### YOUR INSTRUCTIONS
Once the pictures are removed, restate the listing word for word.

------------

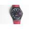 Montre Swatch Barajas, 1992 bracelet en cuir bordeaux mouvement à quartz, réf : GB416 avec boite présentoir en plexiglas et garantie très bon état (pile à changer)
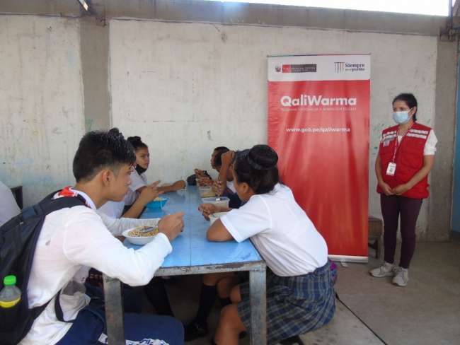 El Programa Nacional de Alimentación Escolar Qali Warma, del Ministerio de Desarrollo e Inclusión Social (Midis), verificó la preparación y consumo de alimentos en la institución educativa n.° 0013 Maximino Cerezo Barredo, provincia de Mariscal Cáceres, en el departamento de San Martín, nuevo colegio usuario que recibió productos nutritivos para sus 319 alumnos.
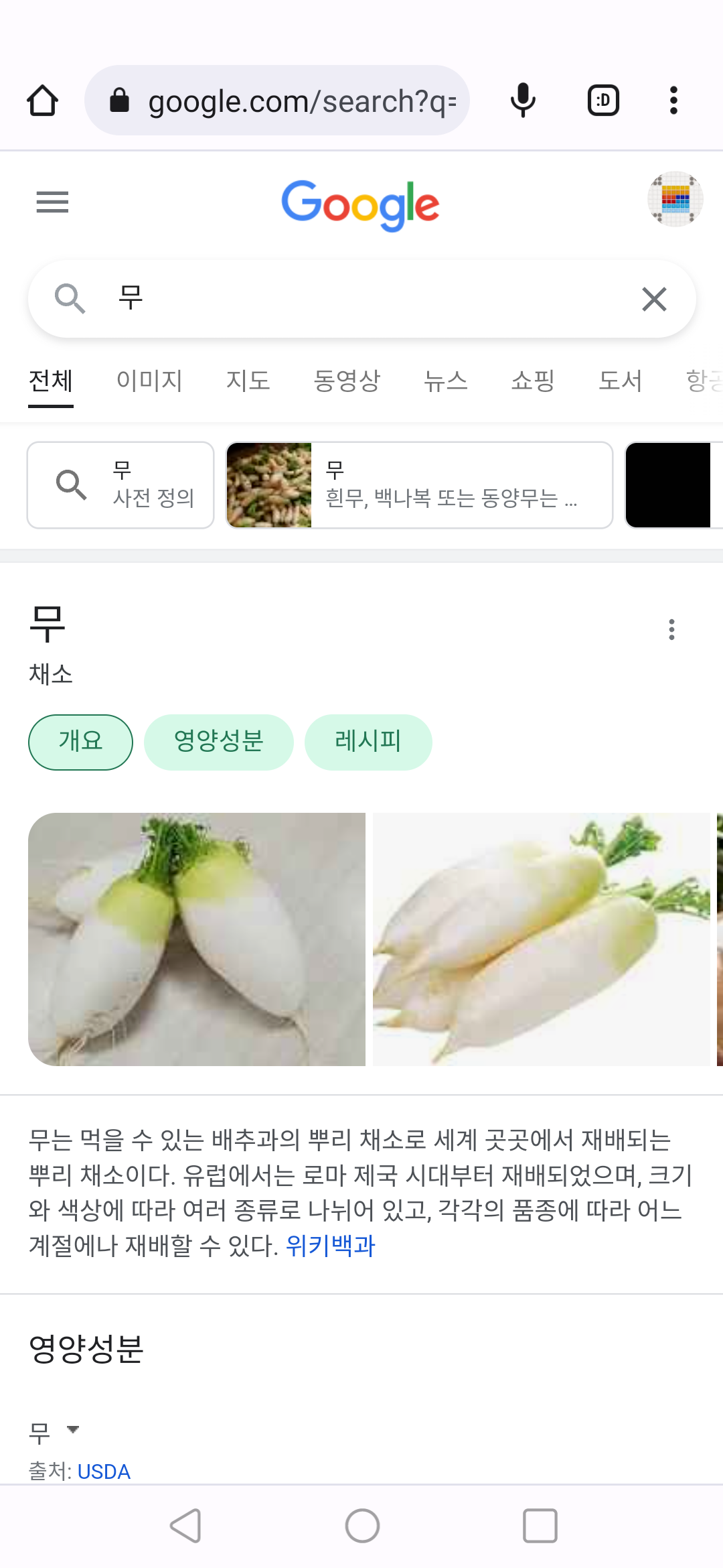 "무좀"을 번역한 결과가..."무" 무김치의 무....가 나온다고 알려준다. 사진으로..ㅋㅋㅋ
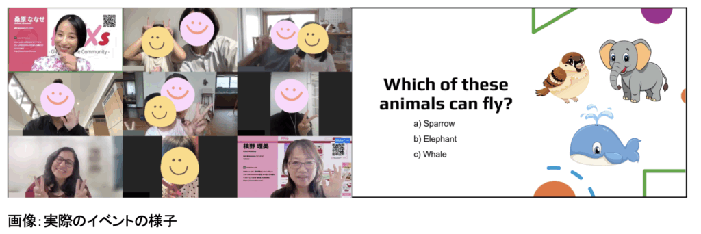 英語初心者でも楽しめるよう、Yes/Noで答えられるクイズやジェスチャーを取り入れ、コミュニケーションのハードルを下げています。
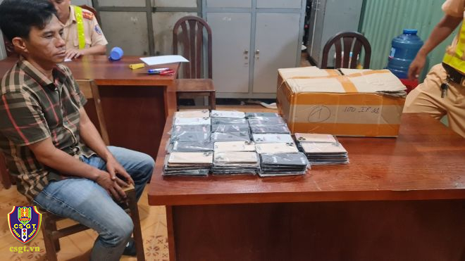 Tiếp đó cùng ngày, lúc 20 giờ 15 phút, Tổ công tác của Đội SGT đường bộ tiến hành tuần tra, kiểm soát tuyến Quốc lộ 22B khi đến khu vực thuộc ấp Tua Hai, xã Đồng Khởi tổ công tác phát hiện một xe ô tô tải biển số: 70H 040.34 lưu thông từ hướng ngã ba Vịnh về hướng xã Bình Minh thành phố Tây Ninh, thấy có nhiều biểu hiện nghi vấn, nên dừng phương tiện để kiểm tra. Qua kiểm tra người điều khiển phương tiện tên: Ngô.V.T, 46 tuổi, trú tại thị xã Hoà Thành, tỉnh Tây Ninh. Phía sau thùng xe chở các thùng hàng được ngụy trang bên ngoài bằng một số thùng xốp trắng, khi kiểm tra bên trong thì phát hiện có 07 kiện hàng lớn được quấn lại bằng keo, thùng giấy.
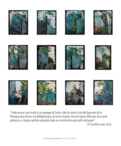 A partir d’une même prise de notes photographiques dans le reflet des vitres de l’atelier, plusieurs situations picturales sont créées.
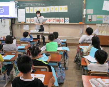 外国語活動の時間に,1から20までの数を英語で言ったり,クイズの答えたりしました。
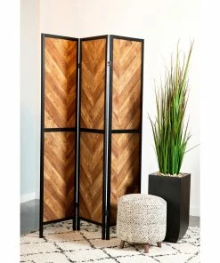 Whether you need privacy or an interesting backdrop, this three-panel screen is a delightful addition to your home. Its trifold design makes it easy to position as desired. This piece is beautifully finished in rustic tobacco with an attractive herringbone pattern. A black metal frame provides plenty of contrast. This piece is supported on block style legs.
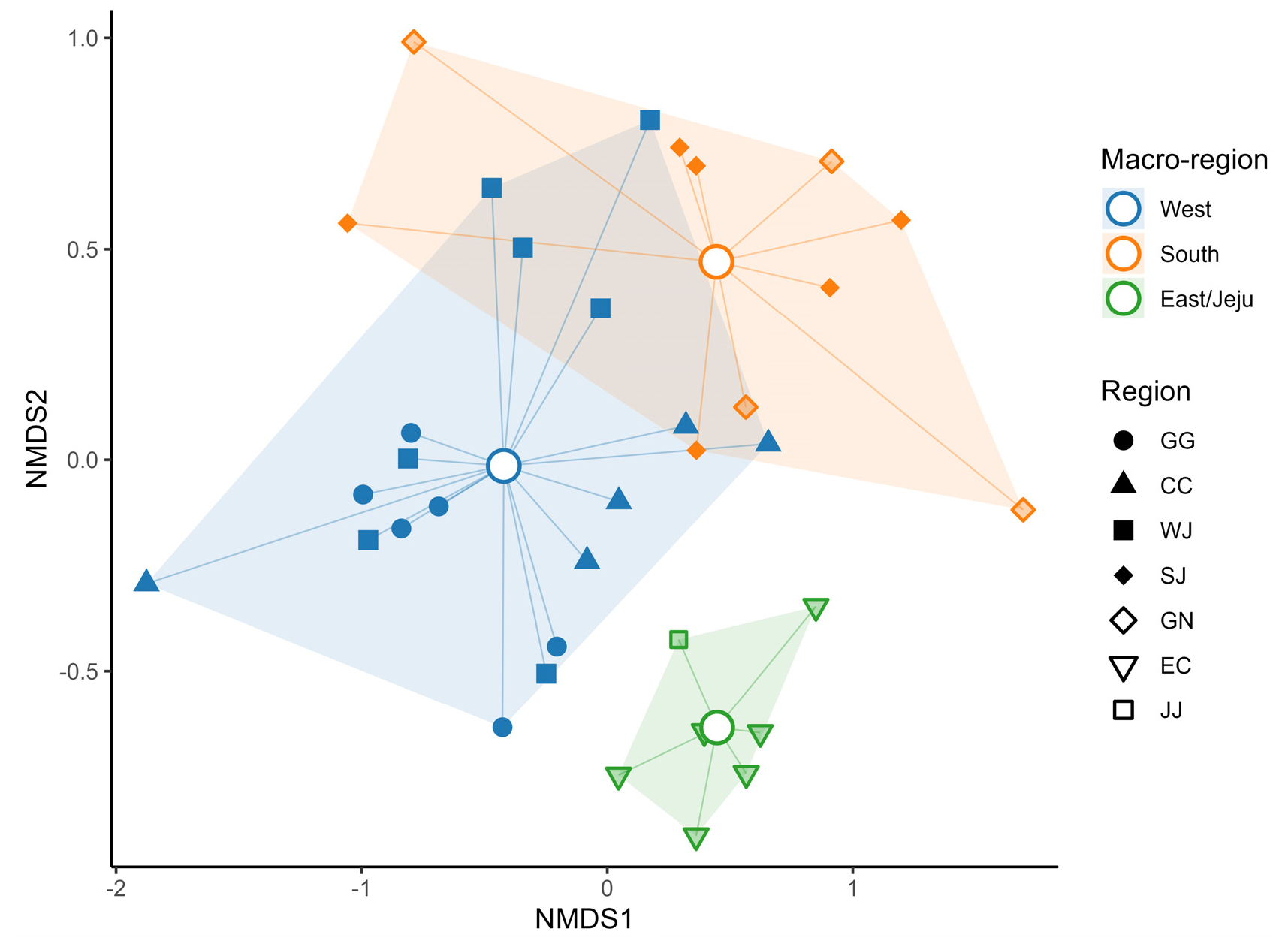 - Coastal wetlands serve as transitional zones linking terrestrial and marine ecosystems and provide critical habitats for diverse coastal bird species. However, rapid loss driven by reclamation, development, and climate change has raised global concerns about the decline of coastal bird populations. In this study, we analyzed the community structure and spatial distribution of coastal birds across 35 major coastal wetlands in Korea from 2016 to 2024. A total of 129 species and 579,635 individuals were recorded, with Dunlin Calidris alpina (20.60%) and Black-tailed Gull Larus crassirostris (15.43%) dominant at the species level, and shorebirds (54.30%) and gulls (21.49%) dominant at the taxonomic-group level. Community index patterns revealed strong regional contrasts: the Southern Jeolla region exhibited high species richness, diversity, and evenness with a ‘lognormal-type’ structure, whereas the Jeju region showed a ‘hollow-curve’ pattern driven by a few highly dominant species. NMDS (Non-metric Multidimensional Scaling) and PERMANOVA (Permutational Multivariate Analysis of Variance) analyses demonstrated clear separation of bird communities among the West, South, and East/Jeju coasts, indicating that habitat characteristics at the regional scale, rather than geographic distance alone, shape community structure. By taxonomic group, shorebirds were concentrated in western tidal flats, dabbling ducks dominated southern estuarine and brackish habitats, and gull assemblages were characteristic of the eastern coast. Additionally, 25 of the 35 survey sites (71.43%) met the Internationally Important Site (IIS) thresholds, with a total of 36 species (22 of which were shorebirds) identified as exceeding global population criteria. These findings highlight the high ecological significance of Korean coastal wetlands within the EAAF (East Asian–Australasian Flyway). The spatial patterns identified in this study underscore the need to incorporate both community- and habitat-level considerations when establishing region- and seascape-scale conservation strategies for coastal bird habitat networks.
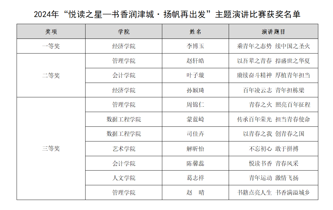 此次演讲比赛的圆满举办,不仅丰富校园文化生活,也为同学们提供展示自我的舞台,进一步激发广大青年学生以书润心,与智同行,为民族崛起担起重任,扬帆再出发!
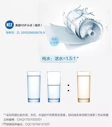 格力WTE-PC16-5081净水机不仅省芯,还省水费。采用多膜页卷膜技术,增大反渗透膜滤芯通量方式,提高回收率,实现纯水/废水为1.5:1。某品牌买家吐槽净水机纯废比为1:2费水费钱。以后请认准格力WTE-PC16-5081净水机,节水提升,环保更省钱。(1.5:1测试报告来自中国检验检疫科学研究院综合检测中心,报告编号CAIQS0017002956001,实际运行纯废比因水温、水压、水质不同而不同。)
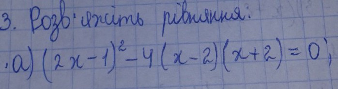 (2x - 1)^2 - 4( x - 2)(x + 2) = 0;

------------

### EXPECTED OUTPUT
 Montre Swatch Barajas, 1992 bracelet en cuir bordeaux mouvement à quartz, réf : GB416 avec boite présentoir en plexiglas et garantie très bon état (pile à changer)
 El Programa Nacional de Alimentación Escolar Qali Warma, del Ministerio de Desarrollo e Inclusión Social (Midis), verificó la preparación y consumo de alimentos en la institución educativa n.° 0013 Maximino Cerezo Barredo, provincia de Mariscal Cáceres, en el departamento de San Martín, nuevo colegio usuario que recibió productos nutritivos para sus 319 alumnos.
 "무좀"을 번역한 결과가..."무" 무김치의 무....가 나온다고 알려준다. 사진으로..ㅋㅋㅋ
 英語初心者でも楽しめるよう、Yes/Noで答えられるクイズやジェスチャーを取り入れ、コミュニケーションのハードルを下げています。
 Tiếp đó cùng ngày, lúc 20 giờ 15 phút, Tổ công tác của Đội SGT đường bộ tiến hành tuần tra, kiểm soát tuyến Quốc lộ 22B khi đến khu vực thuộc ấp Tua Hai, xã Đồng Khởi tổ công tác phát hiện một xe ô tô tải biển số: 70H 040.34 lưu thông từ hướng ngã ba Vịnh về hướng xã Bình Minh thành phố Tây Ninh, thấy có nhiều biểu hiện nghi vấn, nên dừng phương tiện để kiểm tra. Qua kiểm tra người điều khiển phương tiện tên: Ngô.V.T, 46 tuổi, trú tại thị xã Hoà Thành, tỉnh Tây Ninh. Phía sau thùng xe chở các thùng hàng được ngụy trang bên ngoài bằng một số thùng xốp trắng, khi kiểm tra bên trong thì phát hiện có 07 kiện hàng lớn được quấn lại bằng keo, thùng giấy.
 A partir d’une même prise de notes photographiques dans le reflet des vitres de l’atelier, plusieurs situations picturales sont créées.
 外国語活動の時間に,1から20までの数を英語で言ったり,クイズの答えたりしました。
 Whether you need privacy or an interesting backdrop, this three-panel screen is a delightful addition to your home. Its trifold design makes it easy to position as desired. This piece is beautifully finished in rustic tobacco with an attractive herringbone pattern. A black metal frame provides plenty of contrast. This piece is supported on block style legs.
 - Coastal wetlands serve as transitional zones linking terrestrial and marine ecosystems and provide critical habitats for diverse coastal bird species. However, rapid loss driven by reclamation, development, and climate change has raised global concerns about the decline of coastal bird populations. In this study, we analyzed the community structure and spatial distribution of coastal birds across 35 major coastal wetlands in Korea from 2016 to 2024. A total of 129 species and 579,635 individuals were recorded, with Dunlin Calidris alpina (20.60%) and Black-tailed Gull Larus crassirostris (15.43%) dominant at the species level, and shorebirds (54.30%) and gulls (21.49%) dominant at the taxonomic-group level. Community index patterns revealed strong regional contrasts: the Southern Jeolla region exhibited high species richness, diversity, and evenness with a ‘lognormal-type’ structure, whereas the Jeju region showed a ‘hollow-curve’ pattern driven by a few highly dominant species. NMDS (Non-metric Multidimensional Scaling) and PERMANOVA (Permutational Multivariate Analysis of Variance) analyses demonstrated clear separation of bird communities among the West, South, and East/Jeju coasts, indicating that habitat characteristics at the regional scale, rather than geographic distance alone, shape community structure. By taxonomic group, shorebirds were concentrated in western tidal flats, dabbling ducks dominated southern estuarine and brackish habitats, and gull assemblages were characteristic of the eastern coast. Additionally, 25 of the 35 survey sites (71.43%) met the Internationally Important Site (IIS) thresholds, with a total of 36 species (22 of which were shorebirds) identified as exceeding global population criteria. These findings highlight the high ecological significance of Korean coastal wetlands within the EAAF (East Asian–Australasian Flyway). The spatial patterns identified in this study underscore the need to incorporate both community- and habitat-level considerations when establishing region- and seascape-scale conservation strategies for coastal bird habitat networks.
 此次演讲比赛的圆满举办,不仅丰富校园文化生活,也为同学们提供展示自我的舞台,进一步激发广大青年学生以书润心,与智同行,为民族崛起担起重任,扬帆再出发!
 格力WTE-PC16-5081净水机不仅省芯,还省水费。采用多膜页卷膜技术,增大反渗透膜滤芯通量方式,提高回收率,实现纯水/废水为1.5:1。某品牌买家吐槽净水机纯废比为1:2费水费钱。以后请认准格力WTE-PC16-5081净水机,节水提升,环保更省钱。(1.5:1测试报告来自中国检验检疫科学研究院综合检测中心,报告编号CAIQS0017002956001,实际运行纯废比因水温、水压、水质不同而不同。)
 (2x - 1)^2 - 4( x - 2)(x + 2) = 0;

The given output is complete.